▶ _YOUR INSTRUCTIONS_: In the entries below, find the line with "Рублю приходится выбирать, за", then set it down exactly along with each line after it to the end, skipping any pictures.

________________

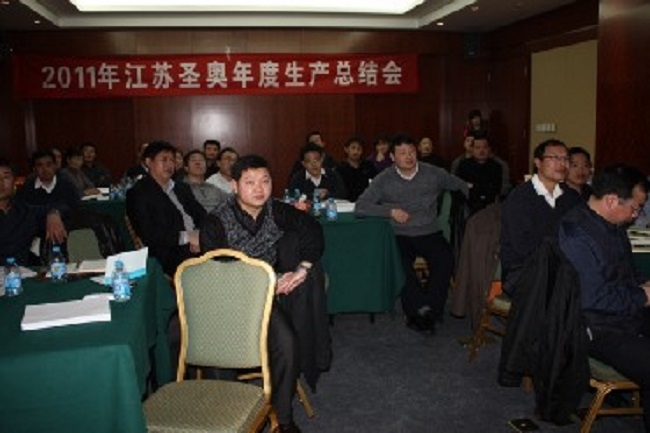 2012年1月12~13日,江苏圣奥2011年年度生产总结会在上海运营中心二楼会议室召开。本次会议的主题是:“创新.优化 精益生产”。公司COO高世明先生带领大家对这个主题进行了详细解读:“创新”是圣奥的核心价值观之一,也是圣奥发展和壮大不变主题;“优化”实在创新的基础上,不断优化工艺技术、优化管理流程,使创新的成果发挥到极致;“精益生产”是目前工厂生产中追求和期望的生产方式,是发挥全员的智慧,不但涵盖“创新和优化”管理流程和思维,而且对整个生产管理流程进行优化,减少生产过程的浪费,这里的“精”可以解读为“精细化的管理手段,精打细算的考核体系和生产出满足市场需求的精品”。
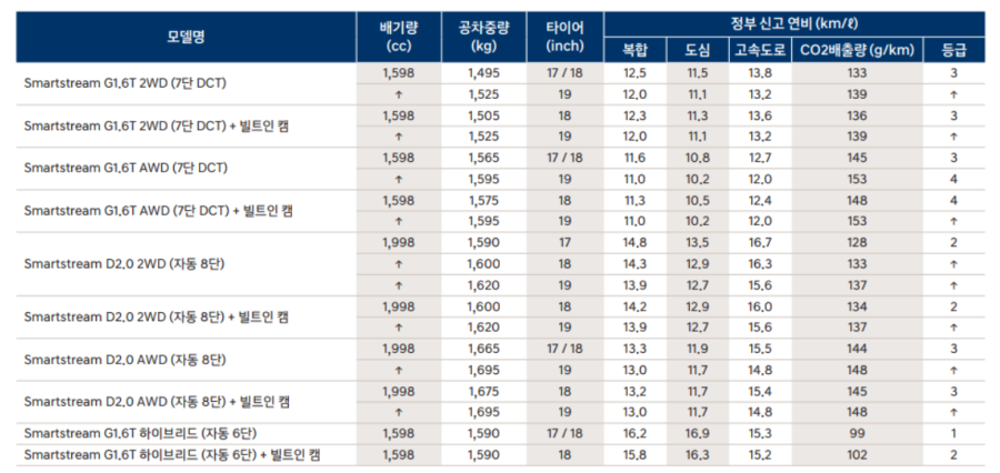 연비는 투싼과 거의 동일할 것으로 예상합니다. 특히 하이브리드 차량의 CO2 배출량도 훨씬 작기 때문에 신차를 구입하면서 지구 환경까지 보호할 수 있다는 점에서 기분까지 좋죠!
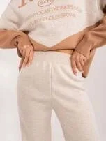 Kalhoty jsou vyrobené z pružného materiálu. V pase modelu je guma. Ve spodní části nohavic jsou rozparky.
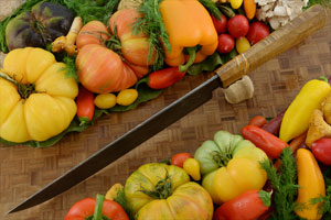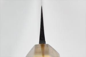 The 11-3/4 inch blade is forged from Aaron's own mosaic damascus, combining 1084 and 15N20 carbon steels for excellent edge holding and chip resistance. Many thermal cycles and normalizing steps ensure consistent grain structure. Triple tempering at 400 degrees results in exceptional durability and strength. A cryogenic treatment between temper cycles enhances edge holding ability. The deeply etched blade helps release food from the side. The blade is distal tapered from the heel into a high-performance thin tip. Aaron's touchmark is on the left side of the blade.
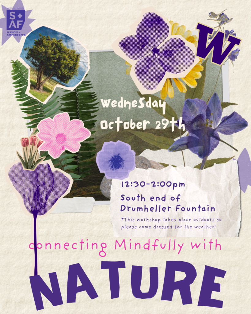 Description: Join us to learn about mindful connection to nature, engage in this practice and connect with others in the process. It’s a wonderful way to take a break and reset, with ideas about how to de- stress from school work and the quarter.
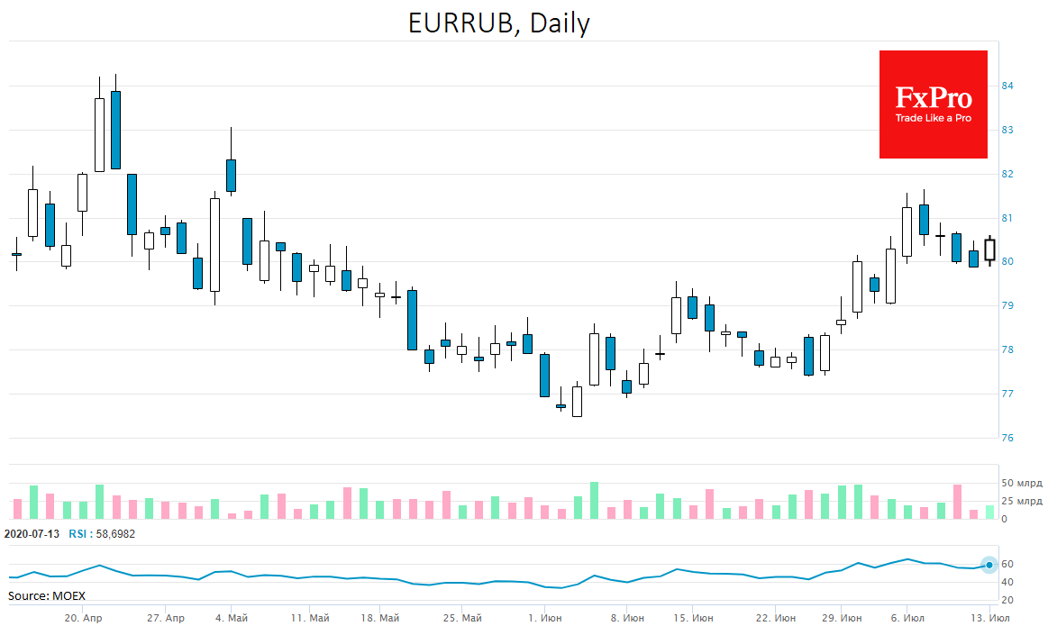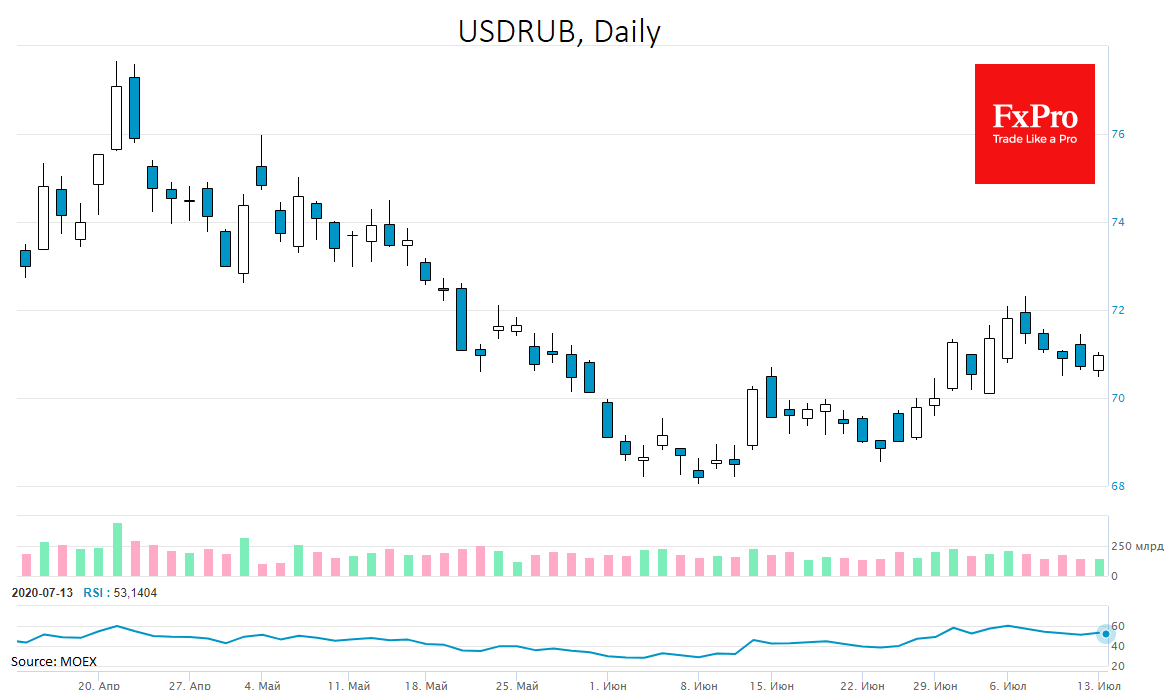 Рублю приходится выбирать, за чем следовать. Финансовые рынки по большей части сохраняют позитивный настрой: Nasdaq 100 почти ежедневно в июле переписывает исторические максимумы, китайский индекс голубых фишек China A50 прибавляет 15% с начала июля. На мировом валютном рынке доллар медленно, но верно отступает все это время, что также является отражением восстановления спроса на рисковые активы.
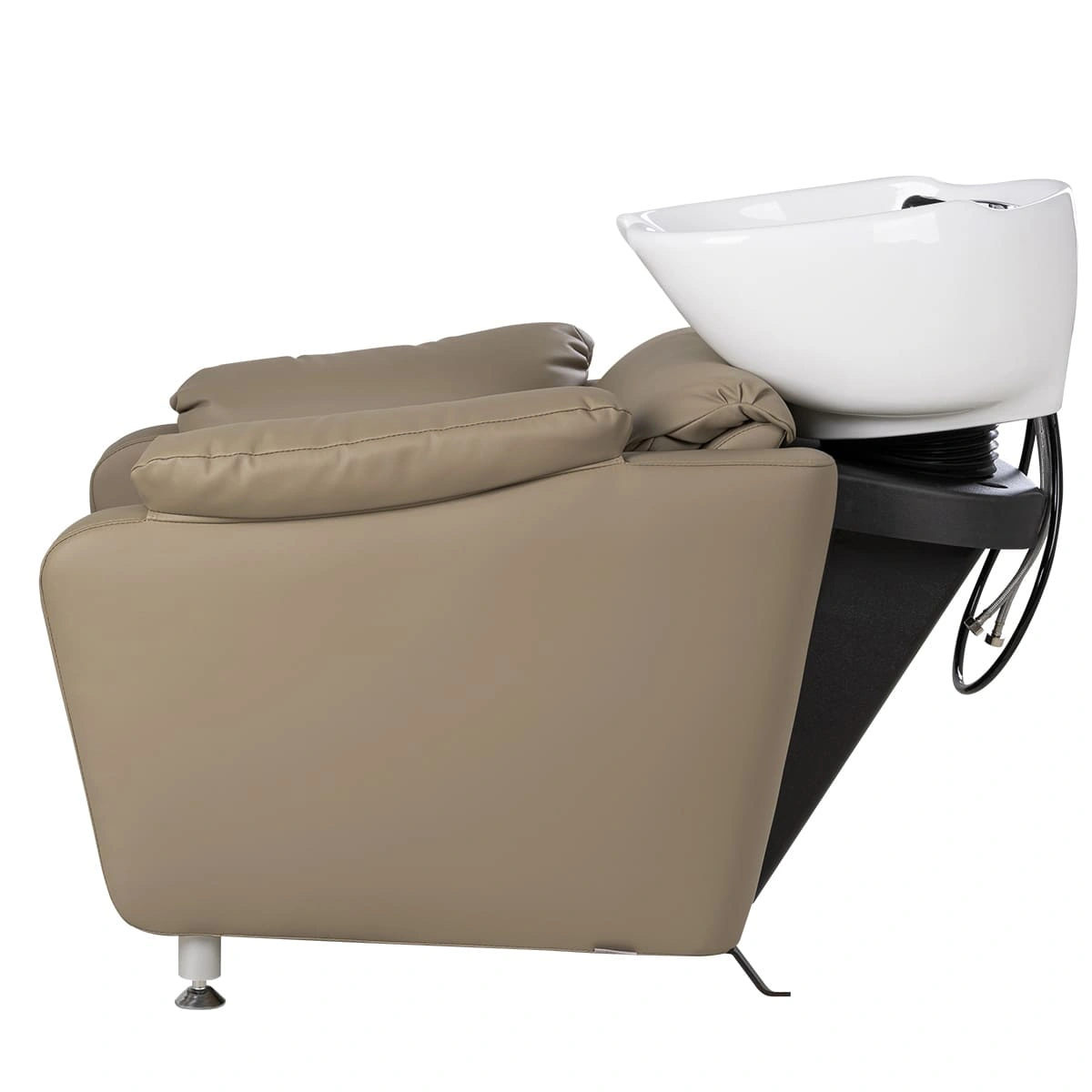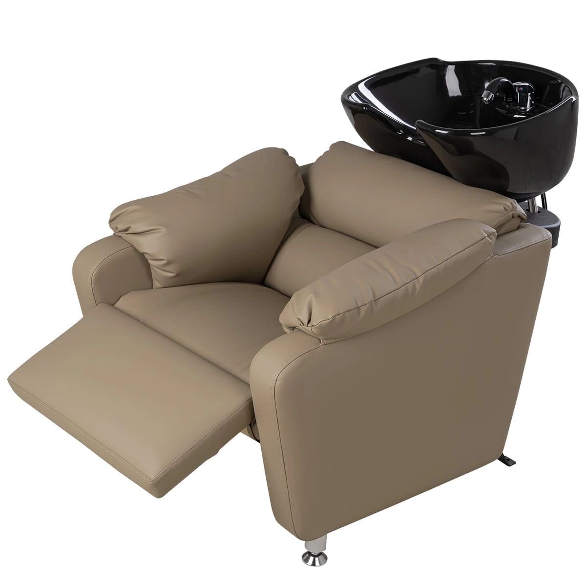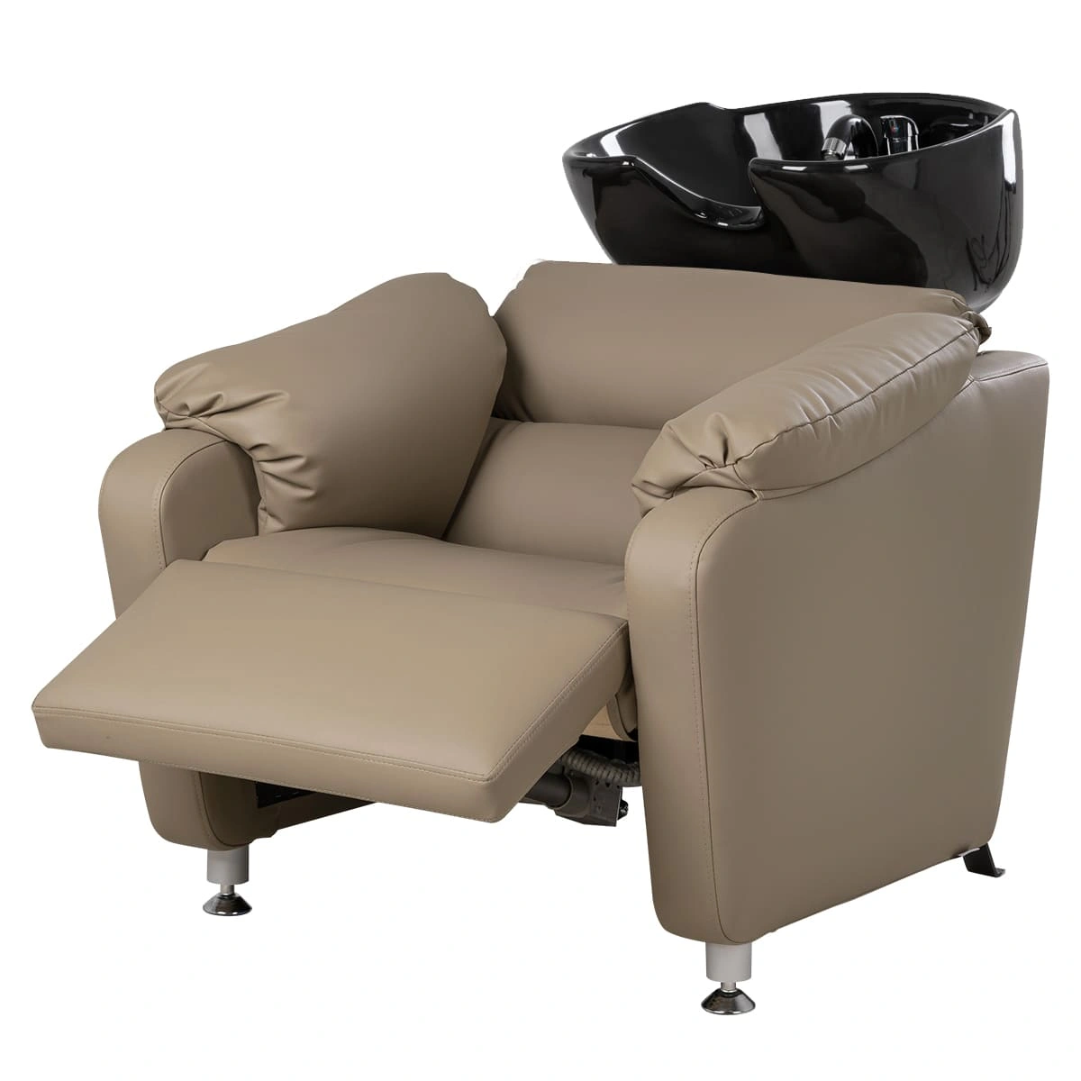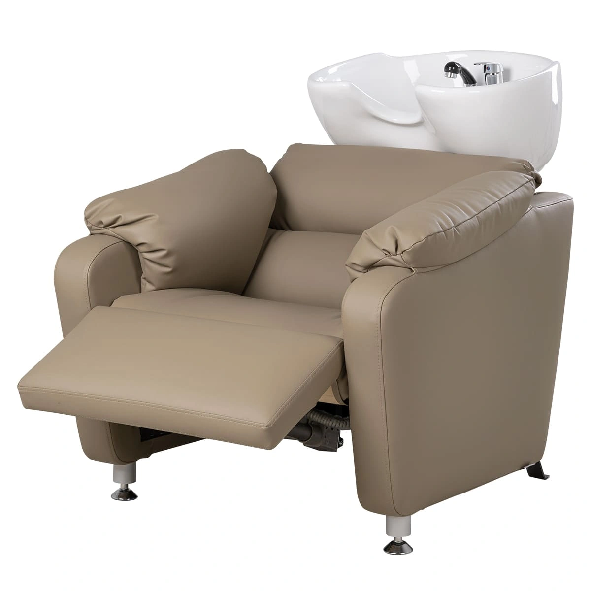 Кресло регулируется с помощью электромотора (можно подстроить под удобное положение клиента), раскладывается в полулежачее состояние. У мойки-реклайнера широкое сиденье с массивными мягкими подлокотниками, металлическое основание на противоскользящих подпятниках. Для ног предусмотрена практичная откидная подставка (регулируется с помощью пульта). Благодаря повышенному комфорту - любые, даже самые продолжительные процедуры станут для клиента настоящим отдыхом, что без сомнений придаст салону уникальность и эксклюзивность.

________________

▶ _WORKED SOLUTION_:
 Рублю приходится выбирать, за чем следовать. Финансовые рынки по большей части сохраняют позитивный настрой: Nasdaq 100 почти ежедневно в июле переписывает исторические максимумы, китайский индекс голубых фишек China A50 прибавляет 15% с начала июля. На мировом валютном рынке доллар медленно, но верно отступает все это время, что также является отражением восстановления спроса на рисковые активы.
 Кресло регулируется с помощью электромотора (можно подстроить под удобное положение клиента), раскладывается в полулежачее состояние. У мойки-реклайнера широкое сиденье с массивными мягкими подлокотниками, металлическое основание на противоскользящих подпятниках. Для ног предусмотрена практичная откидная подставка (регулируется с помощью пульта). Благодаря повышенному комфорту - любые, даже самые продолжительные процедуры станут для клиента настоящим отдыхом, что без сомнений придаст салону уникальность и эксклюзивность.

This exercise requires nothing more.